■ **Task prompt**
From the entries below, copy exactly the lines from the one that contains "九阳(Joyoung)1.5L低音破壁机家用全自动豆浆机轻音45分贝2-4人降噪榨汁料理机五谷杂粮破壁机 P688 国家补贴" through the one that contains "Round Peridot and", both included, and only those.

■ **Records for the exercise**
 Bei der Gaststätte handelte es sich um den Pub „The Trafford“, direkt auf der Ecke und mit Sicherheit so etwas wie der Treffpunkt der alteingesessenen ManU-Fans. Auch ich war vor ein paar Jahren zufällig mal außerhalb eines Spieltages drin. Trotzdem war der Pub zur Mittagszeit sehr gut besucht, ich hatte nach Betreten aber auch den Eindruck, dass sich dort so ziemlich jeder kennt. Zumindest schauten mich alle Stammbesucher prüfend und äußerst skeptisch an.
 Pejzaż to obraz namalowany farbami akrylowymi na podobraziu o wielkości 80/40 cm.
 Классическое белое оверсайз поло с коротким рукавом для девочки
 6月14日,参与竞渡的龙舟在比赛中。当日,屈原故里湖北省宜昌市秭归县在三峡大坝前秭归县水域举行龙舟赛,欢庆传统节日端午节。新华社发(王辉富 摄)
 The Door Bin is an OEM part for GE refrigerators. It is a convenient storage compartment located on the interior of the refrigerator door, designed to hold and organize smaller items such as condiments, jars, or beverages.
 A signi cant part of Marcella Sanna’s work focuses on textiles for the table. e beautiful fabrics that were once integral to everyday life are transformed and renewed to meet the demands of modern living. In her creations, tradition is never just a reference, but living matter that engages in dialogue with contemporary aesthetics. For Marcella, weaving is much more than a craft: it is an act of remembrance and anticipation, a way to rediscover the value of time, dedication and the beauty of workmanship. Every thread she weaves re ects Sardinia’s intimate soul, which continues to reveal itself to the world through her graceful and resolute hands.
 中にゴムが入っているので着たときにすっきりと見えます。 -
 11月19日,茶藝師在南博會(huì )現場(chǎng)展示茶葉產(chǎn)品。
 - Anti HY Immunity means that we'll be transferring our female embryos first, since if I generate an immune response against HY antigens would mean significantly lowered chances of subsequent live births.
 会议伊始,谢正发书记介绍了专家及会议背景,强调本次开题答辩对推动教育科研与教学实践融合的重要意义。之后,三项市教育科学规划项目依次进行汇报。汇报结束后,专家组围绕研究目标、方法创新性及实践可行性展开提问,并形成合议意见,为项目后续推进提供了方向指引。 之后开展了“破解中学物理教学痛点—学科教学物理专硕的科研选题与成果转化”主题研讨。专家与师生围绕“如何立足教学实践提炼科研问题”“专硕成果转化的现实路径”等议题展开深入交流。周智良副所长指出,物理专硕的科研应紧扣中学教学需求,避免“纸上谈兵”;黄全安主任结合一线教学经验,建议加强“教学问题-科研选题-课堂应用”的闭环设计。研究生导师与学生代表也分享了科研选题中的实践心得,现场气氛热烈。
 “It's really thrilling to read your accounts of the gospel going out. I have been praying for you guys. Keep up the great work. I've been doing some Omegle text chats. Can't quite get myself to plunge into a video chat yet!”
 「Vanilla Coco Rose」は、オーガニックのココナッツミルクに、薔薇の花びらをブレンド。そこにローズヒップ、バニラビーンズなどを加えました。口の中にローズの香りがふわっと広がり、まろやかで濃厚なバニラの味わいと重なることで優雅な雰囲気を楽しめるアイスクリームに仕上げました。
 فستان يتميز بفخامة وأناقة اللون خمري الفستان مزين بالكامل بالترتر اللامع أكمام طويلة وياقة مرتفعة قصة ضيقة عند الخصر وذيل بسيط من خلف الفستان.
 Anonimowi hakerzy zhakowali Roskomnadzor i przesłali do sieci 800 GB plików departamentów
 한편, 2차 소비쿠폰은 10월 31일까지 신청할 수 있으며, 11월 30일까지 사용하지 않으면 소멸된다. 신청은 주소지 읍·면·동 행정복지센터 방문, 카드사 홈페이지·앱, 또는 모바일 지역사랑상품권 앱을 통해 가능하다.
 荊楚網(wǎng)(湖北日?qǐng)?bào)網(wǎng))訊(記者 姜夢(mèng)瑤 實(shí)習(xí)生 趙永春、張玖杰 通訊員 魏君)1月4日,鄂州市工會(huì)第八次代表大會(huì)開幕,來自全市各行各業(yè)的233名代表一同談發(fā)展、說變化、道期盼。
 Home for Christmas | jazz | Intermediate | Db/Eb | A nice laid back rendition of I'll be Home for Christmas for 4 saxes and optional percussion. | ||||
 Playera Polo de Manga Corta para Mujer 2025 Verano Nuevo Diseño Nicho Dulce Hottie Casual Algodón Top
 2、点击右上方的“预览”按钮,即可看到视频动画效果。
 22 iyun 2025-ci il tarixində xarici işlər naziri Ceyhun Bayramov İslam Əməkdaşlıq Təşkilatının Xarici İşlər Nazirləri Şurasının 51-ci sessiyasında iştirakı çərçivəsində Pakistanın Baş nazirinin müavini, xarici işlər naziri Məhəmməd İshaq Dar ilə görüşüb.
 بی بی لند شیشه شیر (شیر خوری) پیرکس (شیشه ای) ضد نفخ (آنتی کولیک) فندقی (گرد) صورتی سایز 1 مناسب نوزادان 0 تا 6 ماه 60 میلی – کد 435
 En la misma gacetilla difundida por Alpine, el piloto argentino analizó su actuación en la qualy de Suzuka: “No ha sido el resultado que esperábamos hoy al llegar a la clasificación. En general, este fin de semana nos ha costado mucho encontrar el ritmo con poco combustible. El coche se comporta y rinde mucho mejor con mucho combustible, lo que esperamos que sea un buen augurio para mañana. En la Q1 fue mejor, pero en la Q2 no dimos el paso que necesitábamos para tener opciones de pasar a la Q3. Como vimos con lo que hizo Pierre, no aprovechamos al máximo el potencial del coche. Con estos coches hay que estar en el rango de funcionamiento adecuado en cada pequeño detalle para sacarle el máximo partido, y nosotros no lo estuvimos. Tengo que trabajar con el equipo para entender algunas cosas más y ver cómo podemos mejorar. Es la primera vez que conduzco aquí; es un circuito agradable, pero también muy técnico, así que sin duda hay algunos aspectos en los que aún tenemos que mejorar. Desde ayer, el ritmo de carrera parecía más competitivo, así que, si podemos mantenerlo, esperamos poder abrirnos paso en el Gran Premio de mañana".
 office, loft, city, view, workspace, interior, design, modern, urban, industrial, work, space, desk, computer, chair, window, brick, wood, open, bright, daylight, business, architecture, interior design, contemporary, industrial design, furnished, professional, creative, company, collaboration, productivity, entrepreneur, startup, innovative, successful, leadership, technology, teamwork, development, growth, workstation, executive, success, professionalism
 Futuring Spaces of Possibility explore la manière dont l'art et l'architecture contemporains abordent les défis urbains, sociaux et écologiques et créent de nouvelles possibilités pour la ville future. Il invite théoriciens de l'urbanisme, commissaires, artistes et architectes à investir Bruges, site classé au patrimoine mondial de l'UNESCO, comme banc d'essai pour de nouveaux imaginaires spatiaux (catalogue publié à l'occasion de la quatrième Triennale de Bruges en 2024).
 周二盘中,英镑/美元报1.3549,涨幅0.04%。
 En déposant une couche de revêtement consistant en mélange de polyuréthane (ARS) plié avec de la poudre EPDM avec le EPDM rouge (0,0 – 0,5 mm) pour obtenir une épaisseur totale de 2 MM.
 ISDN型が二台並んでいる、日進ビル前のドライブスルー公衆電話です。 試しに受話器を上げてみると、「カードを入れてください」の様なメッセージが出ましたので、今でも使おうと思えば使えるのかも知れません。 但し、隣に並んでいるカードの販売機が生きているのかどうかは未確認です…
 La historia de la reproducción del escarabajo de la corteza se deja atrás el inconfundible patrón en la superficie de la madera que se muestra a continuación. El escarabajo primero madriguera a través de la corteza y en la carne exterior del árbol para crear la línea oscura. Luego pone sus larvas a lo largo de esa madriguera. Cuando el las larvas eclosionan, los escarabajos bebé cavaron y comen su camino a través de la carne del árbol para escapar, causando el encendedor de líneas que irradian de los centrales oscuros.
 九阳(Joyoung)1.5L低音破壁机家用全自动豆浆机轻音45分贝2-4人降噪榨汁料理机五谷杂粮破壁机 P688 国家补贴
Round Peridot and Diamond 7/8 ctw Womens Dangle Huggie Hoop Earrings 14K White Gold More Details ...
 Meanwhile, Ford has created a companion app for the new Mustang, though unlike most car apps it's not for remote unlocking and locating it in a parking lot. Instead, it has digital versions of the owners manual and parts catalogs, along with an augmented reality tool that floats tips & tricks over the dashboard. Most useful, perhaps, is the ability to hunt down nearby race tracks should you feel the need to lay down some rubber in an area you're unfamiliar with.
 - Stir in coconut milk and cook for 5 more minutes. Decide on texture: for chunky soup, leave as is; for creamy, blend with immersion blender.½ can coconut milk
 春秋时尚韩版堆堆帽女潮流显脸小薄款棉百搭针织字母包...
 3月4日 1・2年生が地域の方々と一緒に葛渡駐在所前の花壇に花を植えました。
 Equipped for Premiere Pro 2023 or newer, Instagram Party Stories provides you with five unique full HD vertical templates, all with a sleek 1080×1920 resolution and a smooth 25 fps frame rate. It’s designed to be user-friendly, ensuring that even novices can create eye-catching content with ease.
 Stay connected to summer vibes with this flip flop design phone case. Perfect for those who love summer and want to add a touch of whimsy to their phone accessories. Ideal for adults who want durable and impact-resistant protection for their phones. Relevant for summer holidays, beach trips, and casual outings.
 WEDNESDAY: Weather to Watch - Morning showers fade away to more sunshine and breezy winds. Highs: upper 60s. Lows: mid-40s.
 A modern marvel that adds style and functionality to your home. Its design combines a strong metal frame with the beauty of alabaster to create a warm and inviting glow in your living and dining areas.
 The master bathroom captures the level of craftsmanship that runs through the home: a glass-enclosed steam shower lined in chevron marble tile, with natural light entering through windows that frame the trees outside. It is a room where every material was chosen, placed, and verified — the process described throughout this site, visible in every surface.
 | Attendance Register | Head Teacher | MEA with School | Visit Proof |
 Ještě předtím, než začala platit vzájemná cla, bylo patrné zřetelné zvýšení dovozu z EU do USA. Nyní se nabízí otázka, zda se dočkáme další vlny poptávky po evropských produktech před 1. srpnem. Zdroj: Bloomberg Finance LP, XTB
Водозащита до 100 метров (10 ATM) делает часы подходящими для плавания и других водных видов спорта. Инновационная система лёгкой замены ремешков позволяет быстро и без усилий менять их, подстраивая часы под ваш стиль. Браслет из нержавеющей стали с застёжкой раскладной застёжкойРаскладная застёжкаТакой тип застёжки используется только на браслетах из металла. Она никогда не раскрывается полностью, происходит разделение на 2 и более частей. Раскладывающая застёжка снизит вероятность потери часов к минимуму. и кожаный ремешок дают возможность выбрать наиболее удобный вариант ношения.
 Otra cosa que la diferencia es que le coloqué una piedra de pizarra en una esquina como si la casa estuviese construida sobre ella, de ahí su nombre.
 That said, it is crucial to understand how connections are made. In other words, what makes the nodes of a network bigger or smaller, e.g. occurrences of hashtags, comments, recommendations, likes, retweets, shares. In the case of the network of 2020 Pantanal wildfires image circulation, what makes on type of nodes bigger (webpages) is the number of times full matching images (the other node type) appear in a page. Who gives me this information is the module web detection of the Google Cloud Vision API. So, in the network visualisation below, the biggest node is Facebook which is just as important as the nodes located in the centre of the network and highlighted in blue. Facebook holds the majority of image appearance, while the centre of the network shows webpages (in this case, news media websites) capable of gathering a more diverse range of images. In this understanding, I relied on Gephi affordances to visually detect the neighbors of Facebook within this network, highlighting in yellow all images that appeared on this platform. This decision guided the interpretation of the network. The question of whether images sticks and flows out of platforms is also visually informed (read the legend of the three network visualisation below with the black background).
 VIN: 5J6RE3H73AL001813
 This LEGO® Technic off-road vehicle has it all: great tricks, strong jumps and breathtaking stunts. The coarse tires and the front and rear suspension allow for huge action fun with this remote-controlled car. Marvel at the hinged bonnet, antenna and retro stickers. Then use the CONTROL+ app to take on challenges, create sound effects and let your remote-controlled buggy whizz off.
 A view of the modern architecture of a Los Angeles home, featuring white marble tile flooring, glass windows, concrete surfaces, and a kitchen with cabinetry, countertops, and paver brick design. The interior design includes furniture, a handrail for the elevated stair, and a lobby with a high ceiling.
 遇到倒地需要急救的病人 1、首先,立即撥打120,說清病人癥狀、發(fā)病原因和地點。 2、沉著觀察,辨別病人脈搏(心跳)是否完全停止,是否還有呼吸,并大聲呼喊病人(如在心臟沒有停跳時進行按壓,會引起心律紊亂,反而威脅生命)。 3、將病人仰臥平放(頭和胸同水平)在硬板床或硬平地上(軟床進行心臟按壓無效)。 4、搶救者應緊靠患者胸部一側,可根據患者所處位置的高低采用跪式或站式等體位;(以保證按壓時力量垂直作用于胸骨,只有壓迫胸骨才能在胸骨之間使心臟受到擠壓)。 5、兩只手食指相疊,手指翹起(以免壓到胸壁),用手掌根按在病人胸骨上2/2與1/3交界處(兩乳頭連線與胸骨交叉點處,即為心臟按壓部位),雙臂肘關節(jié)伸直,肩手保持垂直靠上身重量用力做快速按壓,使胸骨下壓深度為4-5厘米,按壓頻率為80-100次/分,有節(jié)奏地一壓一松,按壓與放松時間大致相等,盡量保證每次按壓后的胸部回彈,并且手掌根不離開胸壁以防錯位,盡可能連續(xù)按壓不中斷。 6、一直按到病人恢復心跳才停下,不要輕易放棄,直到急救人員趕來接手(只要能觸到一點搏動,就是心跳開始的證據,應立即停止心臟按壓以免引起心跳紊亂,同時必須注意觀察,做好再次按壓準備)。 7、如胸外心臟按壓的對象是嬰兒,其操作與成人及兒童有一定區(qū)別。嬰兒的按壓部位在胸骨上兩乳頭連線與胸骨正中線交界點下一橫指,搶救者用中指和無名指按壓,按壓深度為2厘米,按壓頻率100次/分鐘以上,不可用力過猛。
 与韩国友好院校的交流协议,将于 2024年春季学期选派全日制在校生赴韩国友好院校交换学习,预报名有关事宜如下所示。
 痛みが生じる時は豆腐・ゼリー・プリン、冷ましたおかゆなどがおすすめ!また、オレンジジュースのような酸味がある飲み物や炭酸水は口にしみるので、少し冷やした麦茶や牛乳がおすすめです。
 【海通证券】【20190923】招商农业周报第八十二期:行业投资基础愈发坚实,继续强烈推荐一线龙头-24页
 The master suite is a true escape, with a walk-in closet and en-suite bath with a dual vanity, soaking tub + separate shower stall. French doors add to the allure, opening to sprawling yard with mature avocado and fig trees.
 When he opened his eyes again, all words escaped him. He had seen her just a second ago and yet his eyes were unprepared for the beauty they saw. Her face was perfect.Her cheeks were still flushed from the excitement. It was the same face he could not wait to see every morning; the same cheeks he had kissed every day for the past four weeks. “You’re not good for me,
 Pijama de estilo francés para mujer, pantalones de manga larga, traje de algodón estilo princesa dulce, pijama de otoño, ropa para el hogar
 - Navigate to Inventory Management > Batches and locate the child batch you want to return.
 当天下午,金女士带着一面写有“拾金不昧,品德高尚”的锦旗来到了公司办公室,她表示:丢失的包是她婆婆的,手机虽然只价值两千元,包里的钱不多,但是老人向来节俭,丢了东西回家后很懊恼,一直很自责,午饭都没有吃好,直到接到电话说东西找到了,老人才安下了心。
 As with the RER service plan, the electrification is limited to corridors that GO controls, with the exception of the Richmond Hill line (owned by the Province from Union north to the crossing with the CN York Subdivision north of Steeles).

■ **The answer**
 九阳(Joyoung)1.5L低音破壁机家用全自动豆浆机轻音45分贝2-4人降噪榨汁料理机五谷杂粮破壁机 P688 国家补贴
Round Peridot and Diamond 7/8 ctw Womens Dangle Huggie Hoop Earrings 14K White Gold More Details ...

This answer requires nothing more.